Lucille straightens from her slouch and looks at Thomas. Sweet, concerned, _beautiful_ Thomas. He is eight now, yet he still stands no taller than he did at six.

“Does it hurt?” he continues, before she can respond to his first statement. 

“No,” Lucille lies, and she’s very convincing. She’s learned that lying, even to herself, creates a sense of freedom within her. It’s a wicked sensation that she’s recently come to rely on. “It’s nothing, Thomas.”

Edging closer, Thomas reaches for Lucille’s hand - the hand that’s holding her dress to her eyebrow - and tugs at it. Slowly, she lowers her arm to reveal the cut in full; it’s still bleeding, though nowhere near as profusely, and it shortly becomes a target for Thomas’ concerned lips. 

He sets a pattern of kisses just beside the torn blemish, lingering sweetly on each one, while Lucille wraps her arms around him. She leans into her brother, starved for attention and affection after her beating, and asks: 

“Will you stay with me, Thomas?”

“Yes,” he answers, shelving his chin over her narrow shoulder. 

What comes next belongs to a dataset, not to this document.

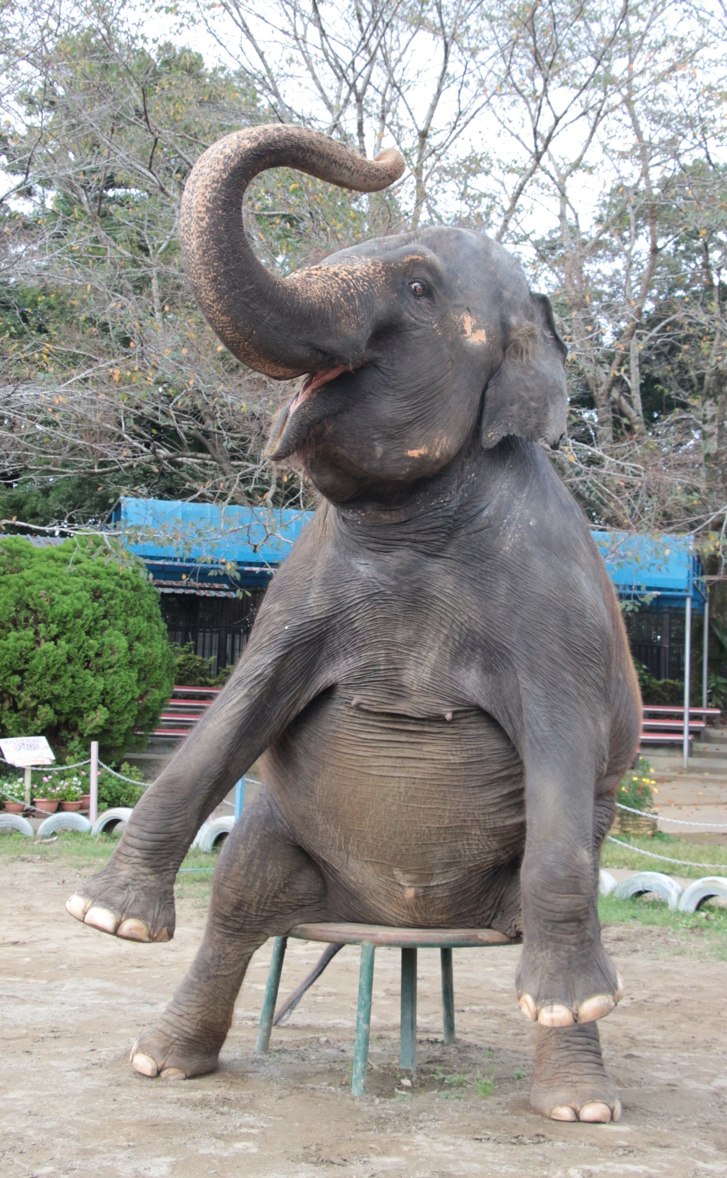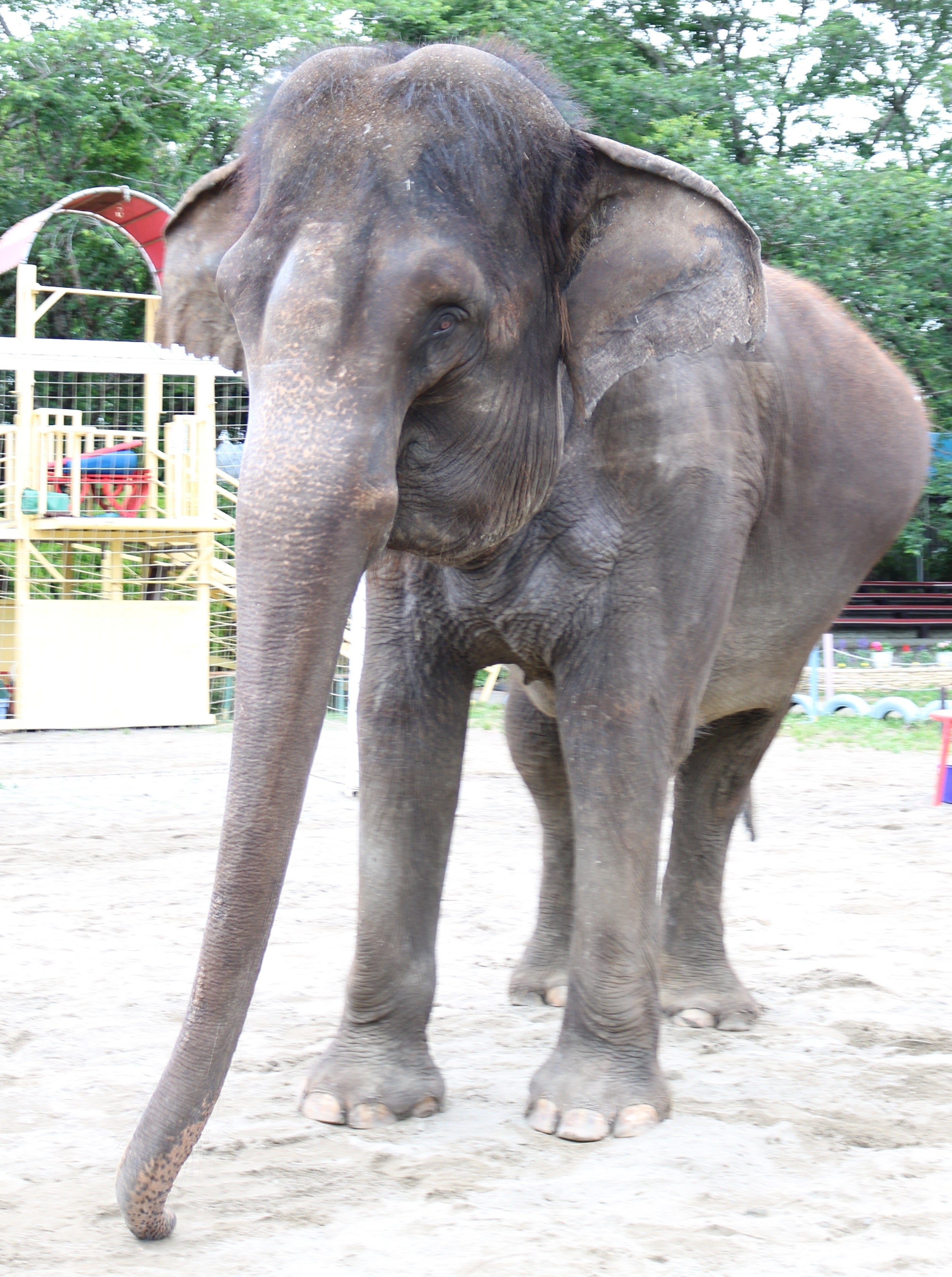 当園で33年暮らしている「ミニスター」は、一番の得意技はサッカーです。ボールを蹴る音は一番力強く迫力満点です。そして、たれ目な可愛いお顔に癒されます。1歳の時タイ王国からきたミニスターは、ミッキーをお母さんの様に慕っています。今は当園生まれの子達みんなの憧れのお姉さんゾウです。

“Never apart,” she states.

“Never apart,” he echoes.


	5. Touch

**Notes for the Chapter:**

> I know I’ve put it in the tags, but I’d also like to provide a warning here as well: This chapter deals with underage and incestuous material. Reader discretion is advised.

Lucille is thirteen when Thomas touches her for the first time. 

It is not the soft, brotherly strokes he frequently applies to her head, or her cheek, but long and intimate caresses against the inside of her thighs. She spreads her knees invitingly, welcoming the contact, as she exhales against the thrumming pulse in his neck. 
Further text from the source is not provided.